(Records from a data collection)
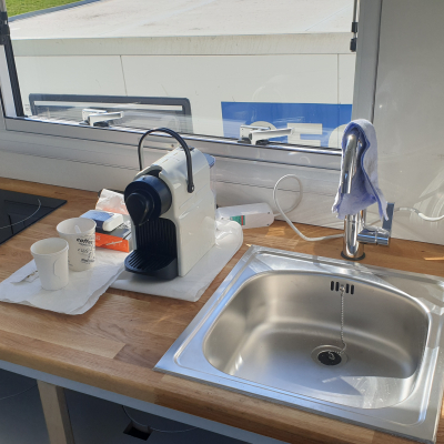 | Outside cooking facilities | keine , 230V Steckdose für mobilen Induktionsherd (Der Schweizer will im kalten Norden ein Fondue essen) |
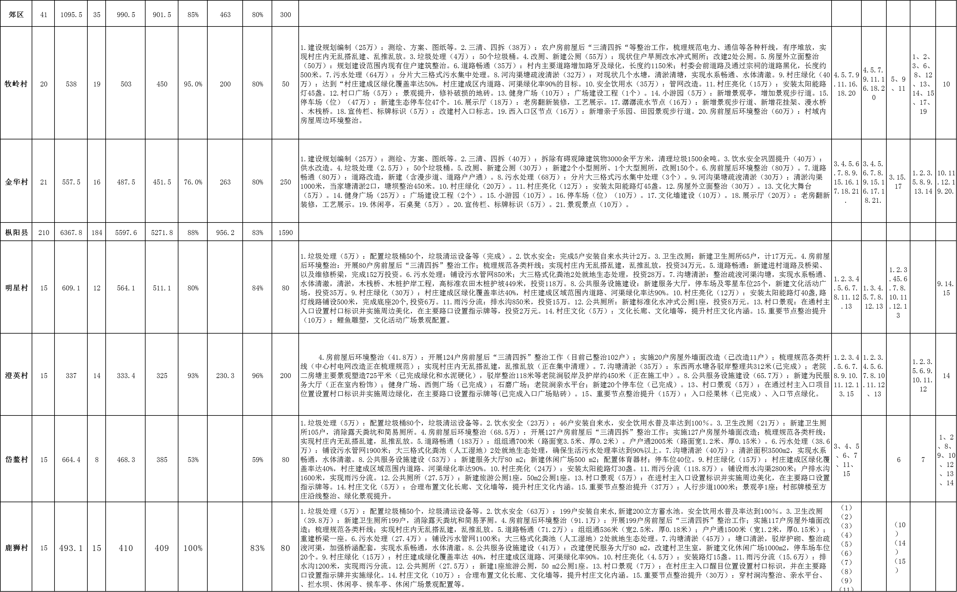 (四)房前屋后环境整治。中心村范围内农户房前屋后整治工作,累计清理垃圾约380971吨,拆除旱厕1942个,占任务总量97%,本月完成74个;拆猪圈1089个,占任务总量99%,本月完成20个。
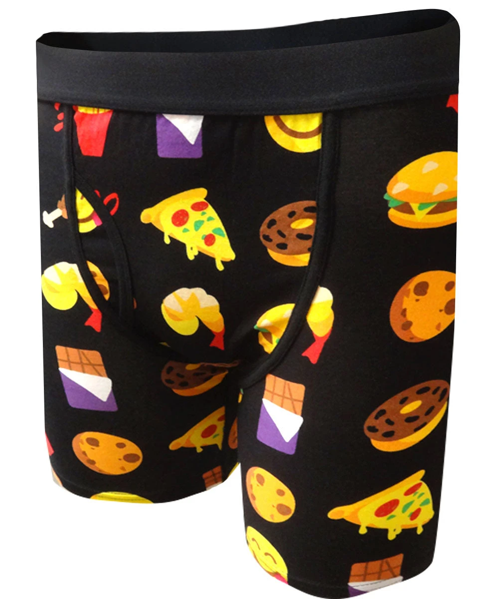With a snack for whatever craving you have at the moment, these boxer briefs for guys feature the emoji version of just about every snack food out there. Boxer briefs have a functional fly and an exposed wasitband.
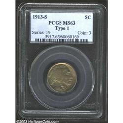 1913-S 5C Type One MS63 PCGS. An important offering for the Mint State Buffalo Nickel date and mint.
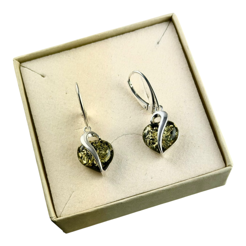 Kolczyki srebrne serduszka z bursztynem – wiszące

__What to produce__. Retype exactly, and only, the lines from the one containing "1913-S 5C Type" through the end of the records above. Pictures stay out of the copy.

__Written answer__.
 1913-S 5C Type One MS63 PCGS. An important offering for the Mint State Buffalo Nickel date and mint.
 Kolczyki srebrne serduszka z bursztynem – wiszące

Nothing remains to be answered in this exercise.